I feel that the Los Angeles Times has violated many of the basic rules of fair reporting in this article. Through the use of sensationalized headlines and ‘hyped-up’ wording throughout the article, I feel that the Times has dealt a serious blow to their reputation as one of the foremost papers in the world.

The article uses many words that go far beyond fair, accurate reporting and into the area of value judgments. A small sampling:

● “misused funds”
● “forged checks”
● “abuses”
● “unauthorized salary”
● “the program failed”
● “plagued by fiscal irregularities”
● “exhausted its funds and dissolved”
● “situation was desperate”
● “outlook was dismal”
● “widespread bookkeeping irregularities”
● “shoddy practices and misleading advertising”

I raise the question as to whether or not an article which utilizes such words and phrases would not be better suited for the editorial page. When reporters interject their own concepts, their own judgments, their own value judgments, they are no longer/reporting the news, they are creating it.

LL-2-d-2

Mr. Otis Chandler
July 16, 1975
Page Two

I. also strongly object to the interviewing tactics utilized by the writers of the story; Dave Rosenzweig, Mike Goodman, and Bob Fairbanks. It seems to me that when reporters are preparing to make a series of allegations against someone, and they ask for an interview ‘to give you a chance to tell your side’, they, at some time during the interview, have an obligation to reveal their facts, their allegations. Otherwise, the person being interviewed is not given a chance to respond to the charges. Rather, your reporters simply took my responses to general, veiled questions and worked them into the parts of the story where they made specific allegations. In this way, quotes were taken out of context and then used in the story alongside information gathered to refute “my response”. It was made to appear that I was responding to a specific charge. This was not the case.

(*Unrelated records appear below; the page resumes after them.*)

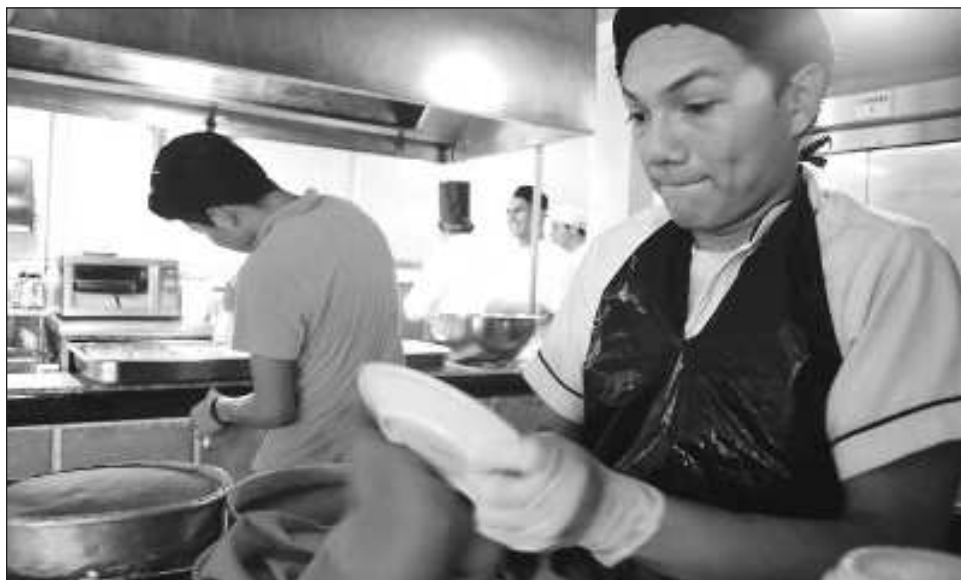
▲ El pasado 28 de febrero, la Comisión de Trabajo y Previsión Social del Senado de la República aprobó el cambio para que el pago se eleve de 15 a 30 días.

“Si esto es aprobado ya finalmente y aumenta, tendríamos que producir en las empresas un mes más de trabajo para poder pagarlo, es decir, se trabajan 12 meses en un año y tendríamos que cubrir 13 meses. Es una realidad que para muchas pequeñas y medianas em-
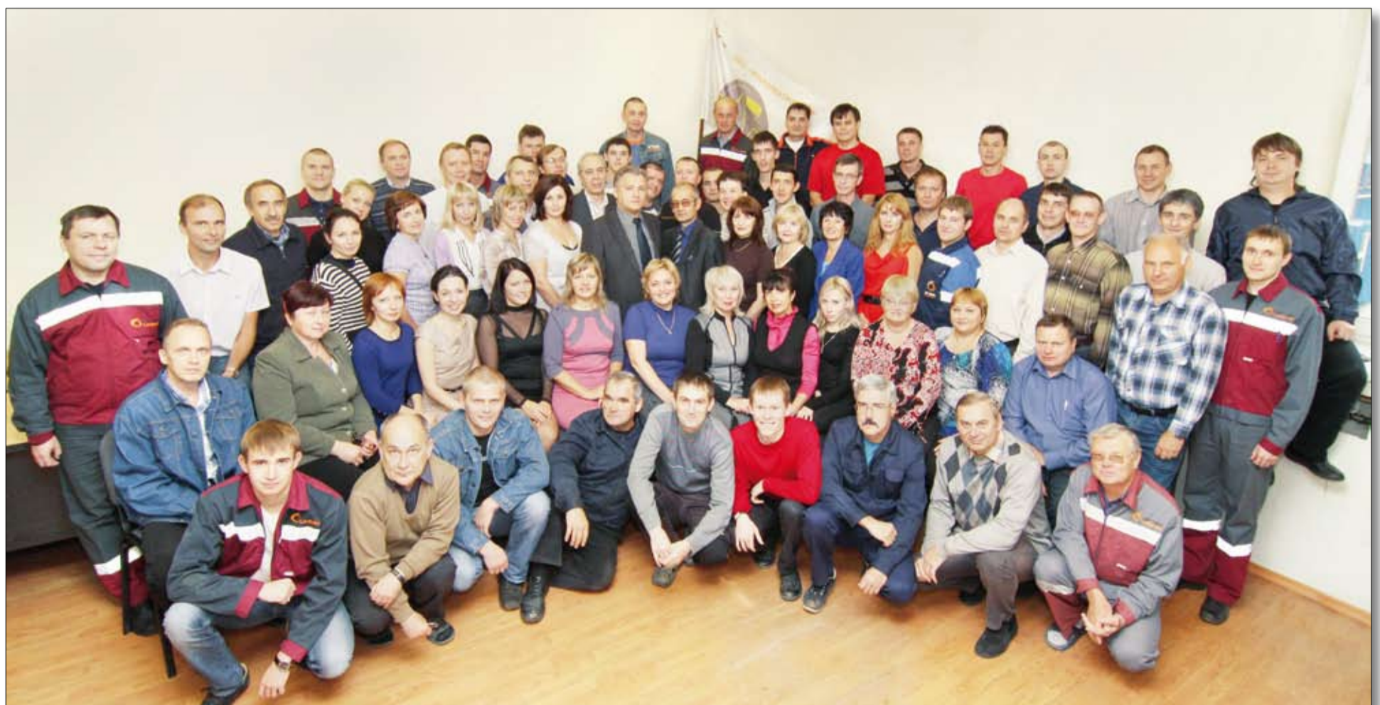
Коллектив управления автоматизации ОАО «Уралэлектромедь».
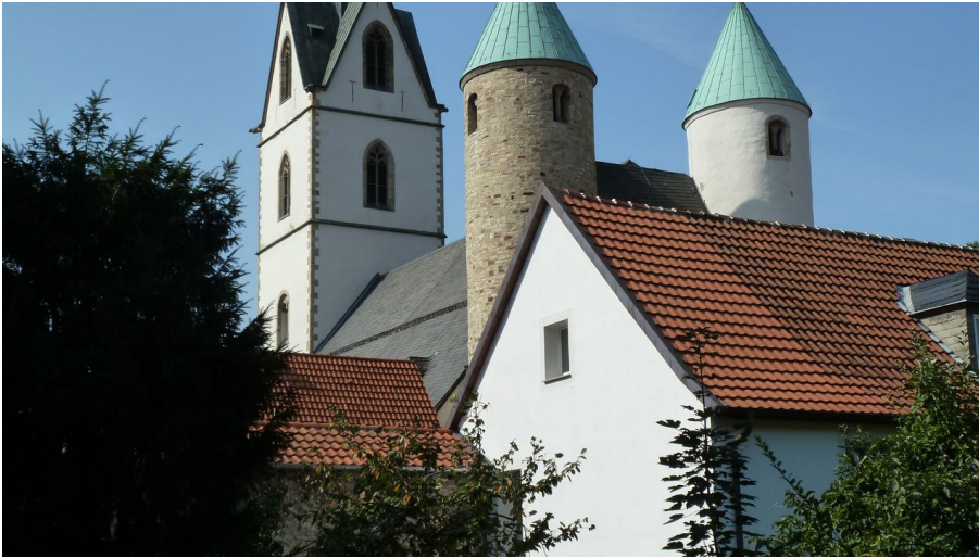
Busdorfkirche - © Karl Heinz Schäfer, Tourist Information Paderborn / Verkehrsverein Paderborn e.V.

These tactics have been ruled unconstitutional when used by our police — but our law enforcement people obviously operate under a stricter standard of fair play, of due process, than does the Times.

Let me cite a few examples. At no time was I told that I was going to be accused of receiving $7,000 in unauthorized salary which I allegedly paid back in a devious manner through the Ford Foundation. Had I been told this, I might have been able to save you from making this error in the story.

Further, at no time was I told that the article would claim that my brother and sister-in-law were on the JET payroll; nor that the reporters would claim JET obtained only 37 jobs; nor about the Bill Greene plane trips; nor about the “big spenders” at Perinos: nor the claim that thousands of dollars of furniture had disappeared.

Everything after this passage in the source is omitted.